By separating itself from England, The United States broke with English Constitutional law and created its own rules of governance. The law of the United States was originally largely derived from the common law system of English law, which was in force at the time of the Revolutionary War. The supreme law of the land, under the Constitution's Supremacy Clause (VI), is the United States Constitution, as well as laws enacted by Congress, and treaties to which the U.S. is a party. The Constitution forms the basis for federal laws under the federal constitution in the United States; it circumscribes the boundaries of the jurisdiction of federal law along with the laws in the fifty U.S. states and in the territories.

The most important source of law is the United States Constitution. All other law falls under and is subordinate to that document. No law may contradict the Constitution.
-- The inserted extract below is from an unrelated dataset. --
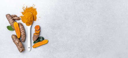 turmeric powder in spoon with turmeric root. curcuma or curcumin on concrete background. Spice, natural coloring, alternative medicine. Long banner format. top view.

For example, if Congress enacts a statute that conflicts with the Constitution, the Supreme Court may find that law unconstitutional and declare it invalid. Notably, a statute does not disappear automatically merely because it has been found unconstitutional; it must be deleted by a subsequent statute. Many federal and state statutes have remained on the books for decades after they were ruled to be unconstitutional. However, under the principle of stare decisis, no sensible lower court* will enforce an unconstitutional statute, and any court that does so will be reversed by the Supreme Court. Conversely, any court that refuses to enforce a constitutional statute (where such constitutionality has been expressly established in prior cases) will risk reversal by the Supreme Court. (But who reverses the ninnies when they mess up???)

While Blackstone may have talked about rights, he knew full well they could be repealed by Parliament. This is why the language is "bear arms for their own defense, as suitable to their class and as allowed by law". This is the way rights are treated under the English Constitution. Here today and gone tomorrow.

Again, if one uses Blackstone as a source, one knows that the right to bear arms for defence in England (and by extension the UK and other common law countries) is next to nil as well. This is because the right is "as allowed by law". That is it is under regulation by parliament and not as absolute as the language in the Second Amendment. The Founding fathers were well aware of the tenuous nature of rights under the English system, which did not define or quantify natural rights. They believed that adding a Bill of Rights to the Constitution would limit their rights to those listed in the Constitution. This is the primary reason the Ninth Amendment was included.

On June 5, 1788, Patrick Henry spoke before Virginia's ratification convention in opposition to the Constitution: "Is it necessary for your liberty that you should abandon those great rights by the adoption of this system? Is the relinquishment of the trial by jury and the liberty of the press necessary for your liberty? Will the abandonment of your most sacred rights tend to the security of your liberty? Liberty, the greatest of all earthly blessings—give us that precious jewel, and you may take every thing else!"

The founders knew they were setting up a totally new and different system from the English one under the US Constitution.

Of course, as I read more about Scalia's pretensions at "originalism", the more I worry that he is willing to destroy rights willy nilly in the common law fashion. Sod the fact the US Constitution is a written document: he'll tear it up.

But, I would prefer for my elected officials to do that. There is a reason that Royalty and nobility are unconstitutional.

Unless, of course, I am calling the shots here!

* On the other hand, a non-sensical supreme court can do whatever it wishes until whapped over the head.